## WHAT THE EXERCISE ASKS
Output must consist only of the lines of the material below from the one with "El éxito del" through the one with "Promise of love, accompanied", each reproduced exactly; no pictures belong in it.

## GIVEN RECORDS
•••••

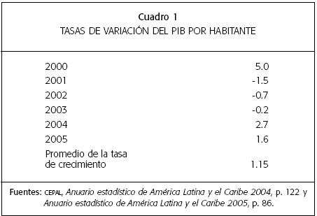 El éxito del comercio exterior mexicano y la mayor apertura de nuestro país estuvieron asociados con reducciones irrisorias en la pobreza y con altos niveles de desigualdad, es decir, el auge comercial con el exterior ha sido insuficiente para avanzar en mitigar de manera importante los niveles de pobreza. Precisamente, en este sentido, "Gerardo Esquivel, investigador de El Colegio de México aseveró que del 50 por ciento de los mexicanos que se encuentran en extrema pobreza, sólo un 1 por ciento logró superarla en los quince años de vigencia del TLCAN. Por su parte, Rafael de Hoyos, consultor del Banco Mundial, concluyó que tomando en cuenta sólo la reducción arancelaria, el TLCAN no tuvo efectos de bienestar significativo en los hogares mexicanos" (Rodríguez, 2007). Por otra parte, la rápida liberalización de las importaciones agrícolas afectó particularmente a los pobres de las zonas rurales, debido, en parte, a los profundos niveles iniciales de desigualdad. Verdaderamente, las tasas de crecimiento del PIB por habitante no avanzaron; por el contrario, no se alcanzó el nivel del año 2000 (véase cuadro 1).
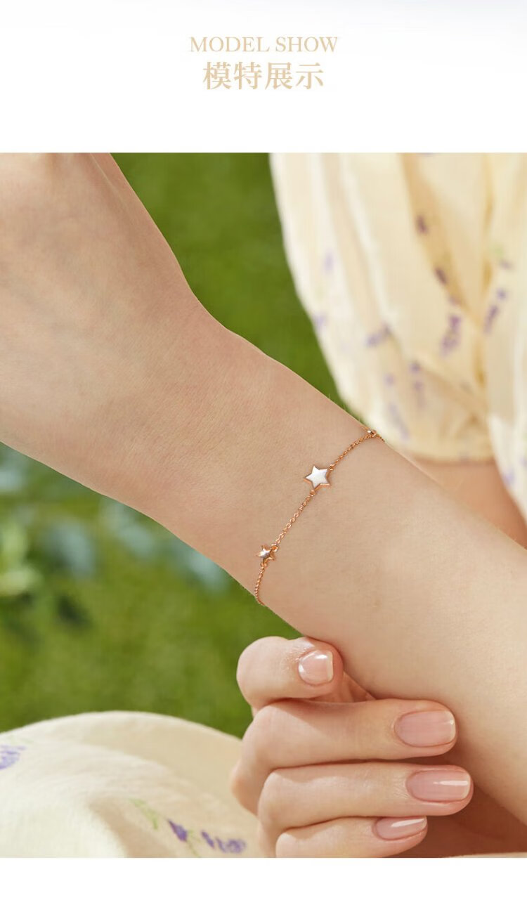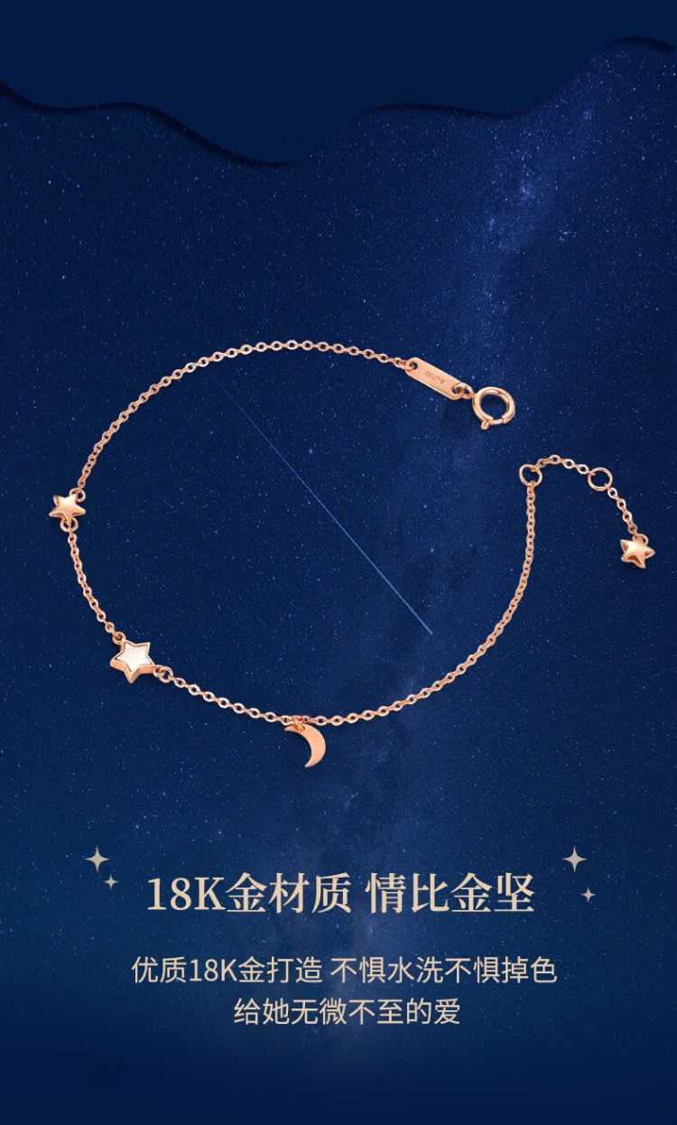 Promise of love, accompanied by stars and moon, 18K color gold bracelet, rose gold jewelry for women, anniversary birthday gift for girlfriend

•••••

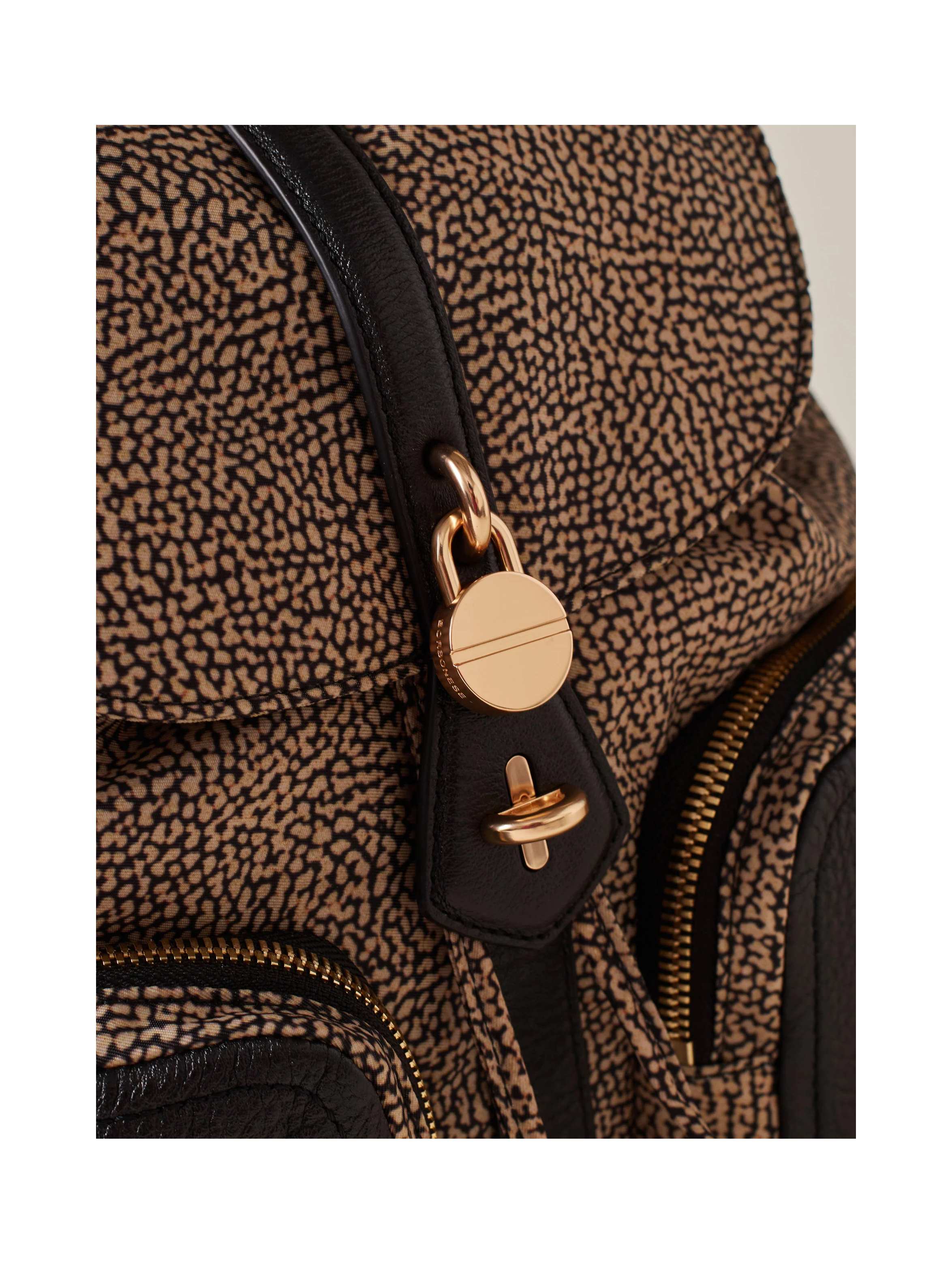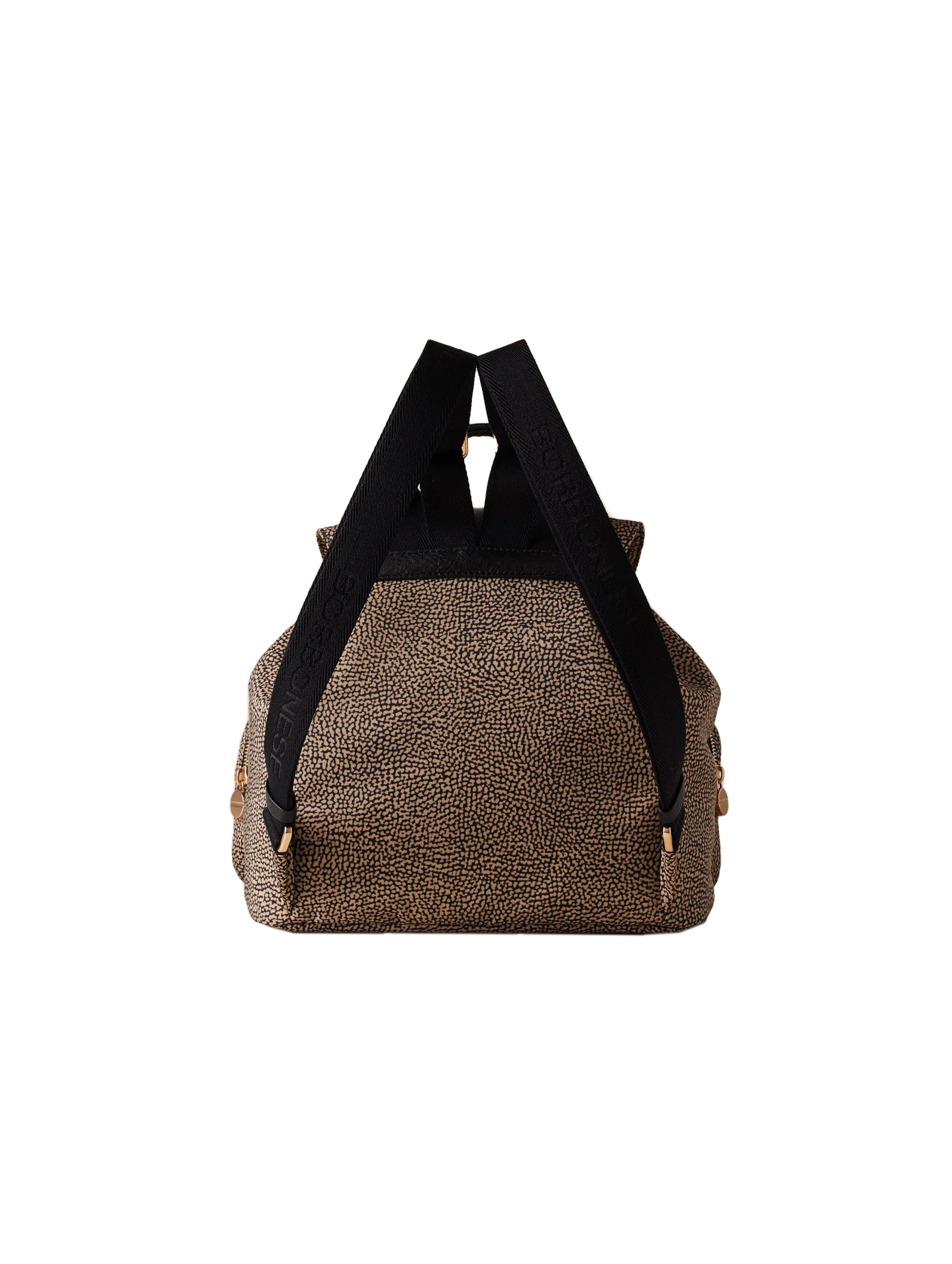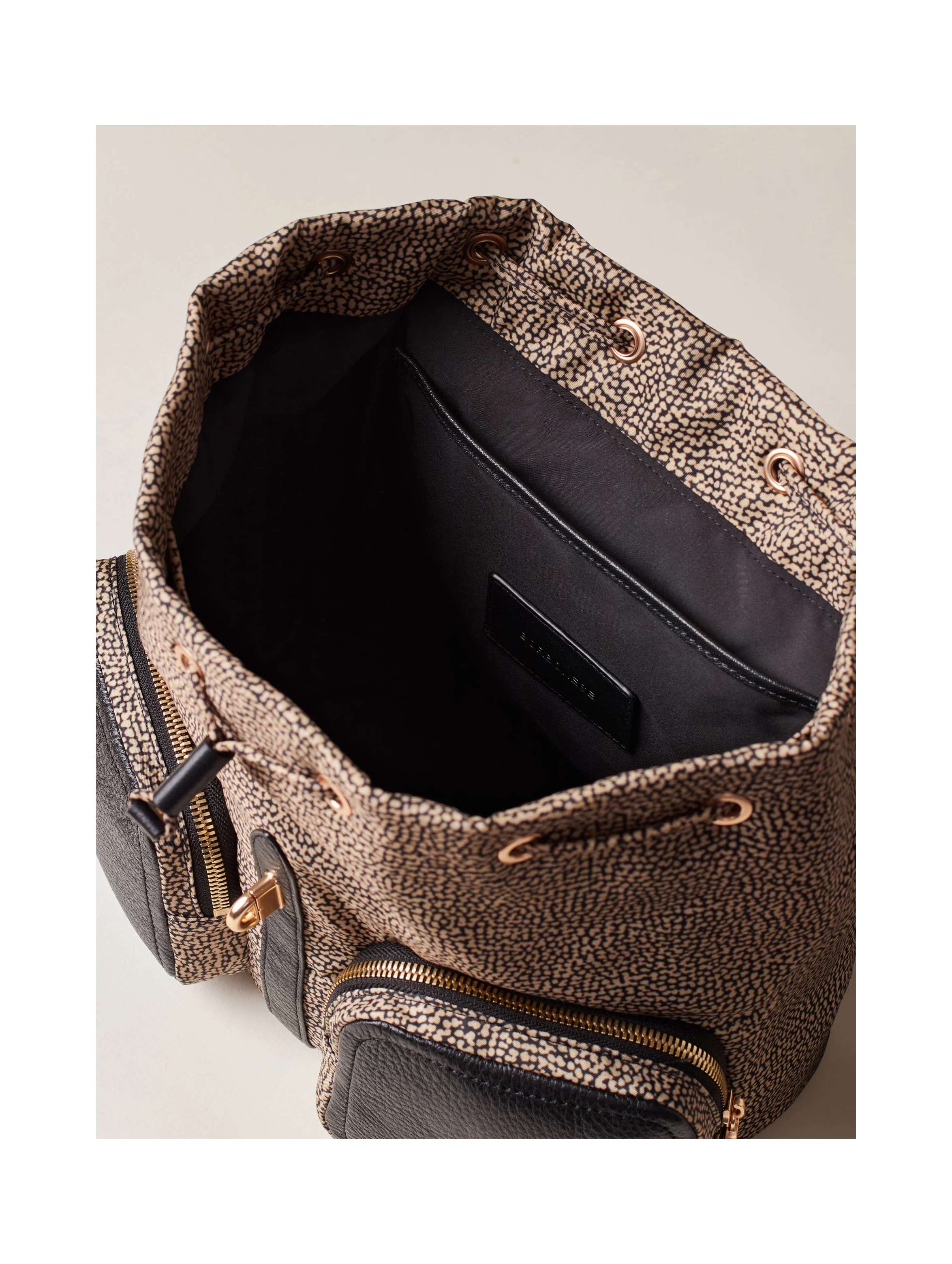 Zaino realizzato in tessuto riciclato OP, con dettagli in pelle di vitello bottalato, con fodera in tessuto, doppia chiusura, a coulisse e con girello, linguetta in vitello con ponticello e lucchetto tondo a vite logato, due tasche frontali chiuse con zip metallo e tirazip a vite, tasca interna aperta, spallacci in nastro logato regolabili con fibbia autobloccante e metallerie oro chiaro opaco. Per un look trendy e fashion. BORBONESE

•••••

## COMPLETED EXERCISE
 El éxito del comercio exterior mexicano y la mayor apertura de nuestro país estuvieron asociados con reducciones irrisorias en la pobreza y con altos niveles de desigualdad, es decir, el auge comercial con el exterior ha sido insuficiente para avanzar en mitigar de manera importante los niveles de pobreza. Precisamente, en este sentido, "Gerardo Esquivel, investigador de El Colegio de México aseveró que del 50 por ciento de los mexicanos que se encuentran en extrema pobreza, sólo un 1 por ciento logró superarla en los quince años de vigencia del TLCAN. Por su parte, Rafael de Hoyos, consultor del Banco Mundial, concluyó que tomando en cuenta sólo la reducción arancelaria, el TLCAN no tuvo efectos de bienestar significativo en los hogares mexicanos" (Rodríguez, 2007). Por otra parte, la rápida liberalización de las importaciones agrícolas afectó particularmente a los pobres de las zonas rurales, debido, en parte, a los profundos niveles iniciales de desigualdad. Verdaderamente, las tasas de crecimiento del PIB por habitante no avanzaron; por el contrario, no se alcanzó el nivel del año 2000 (véase cuadro 1).
 Promise of love, accompanied by stars and moon, 18K color gold bracelet, rose gold jewelry for women, anniversary birthday gift for girlfriend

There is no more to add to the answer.